8-Bit Armies is an uncluttered RTS that’s perfect for consoles – well, almost. Here’s our review…
A good real-time strategy game on consoles is hard to find – there’s just something about the genre that works far better with a mouse and keyboard than a controller.
Surprisingly, though, 8-Bit Armies is an extremely accessible RTS, with a simple, well-designed control scheme that works with the player, rather than against them.
Assigning units is surprisingly easy, letting you tie troops to one of the three buttons before using that same input to move them around the map or to order them to attack. It isn’t the most in-depth system, but it is one that still encourages you to play strategically, splitting your units up into separate columns, as opposed to moving forward as a single block.

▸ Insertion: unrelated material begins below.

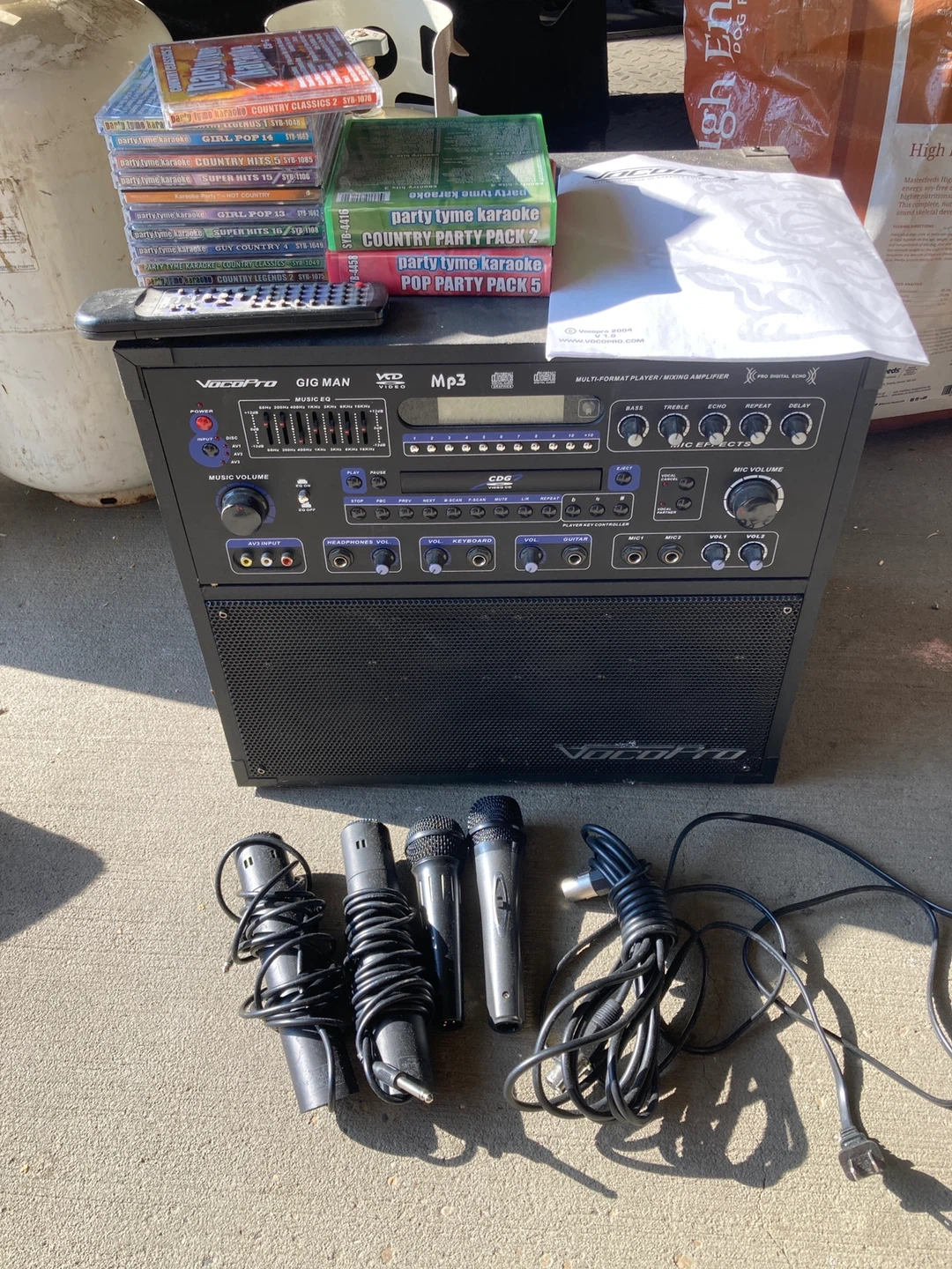Vocopro Gig Man Karaoke System w/ Mics & Party Tyme Karaoke CDs
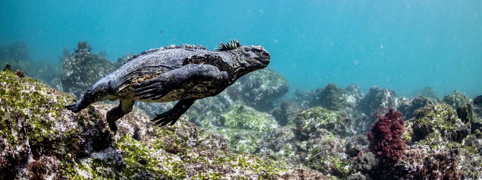 Throughout the island, you'll encounter several hybrid iguanas resulting from the crossbreeding of male marine iguanas and female land iguanas. These hybrids are easily identifiable by their distinctive black/gray color, featuring the crest of a land iguana and the face and tail reminiscent of a marine iguana. The thriving population of iguanas owes much to the abundance of tunas, their preferred food source. As you explore, keep an eye out for swallow-tailed gulls nesting on the rugged cliffs, as well as other seabirds like Audubon shearwaters, red-billed tropicbirds, frigatebirds, and brown pelicans.

The game’s single-player campaign allows you to choose between two different factions, the Renegades and the Guardians. Both have their own unique tech trees to unlock, with the Guardians having more tactical units like snipers and drones while the Renegades rely more on heavy firepower and artillery.
Regardless of what you pick, each campaign unfolds roughly the same, however, with every map having a main objective to complete and two bonus goals that you can try to accomplish in the allotted time.
To complete these, you will need to make money from harvesting natural resources, build a collection of structures to produce troops, and efficiently delegate tasks. It is a familiar gameplay loop, but one that can still produce some memorable and exciting moments, as you fight tooth-and-nail for an important resource spot or an access route. It’s just a shame that the actual story doesn’t live up to the same high standards, with a blink-and-you’ll-miss-it text dump occurring in the menu prior to each game.
Map variety is another problem in the campaign mode. You will constantly find yourself fighting on the same maps over and over with only a handful of new units unlocked to change your approach. This makes completing the campaign a fairly repetitive task, which is unfortunate given the promise of the game’s intuitive control scheme and mechanics.
If you do find yourself getting bored, it should be mentioned that there are other modes like a co-op campaign and several multiplayer options to explore. These slightly make up for the repetition. But still, it’s hard not to feel a little disappointed after such a promising start.
8-Bit Armies is a fairly decent RTS game that feels right at home on consoles. It is simple and easy to control and doesn’t overburden the player, like some other RTS games. All of that doesn’t change the fact that there are some major issues with the main campaign, however. There’s just not enough content to keep a player’s interest over the number of hours required to beat it, with the game in desperate need of significantly more maps and a better story to motivate the player to keep coming back to it.
8-Bit Armies strips away a lot of the complexities associated with the genre, offering an experience that is easy to pick up but difficult to master. Soedesco and Petroglyph Games have done a great job with the port, adapting the controls for console perfectly.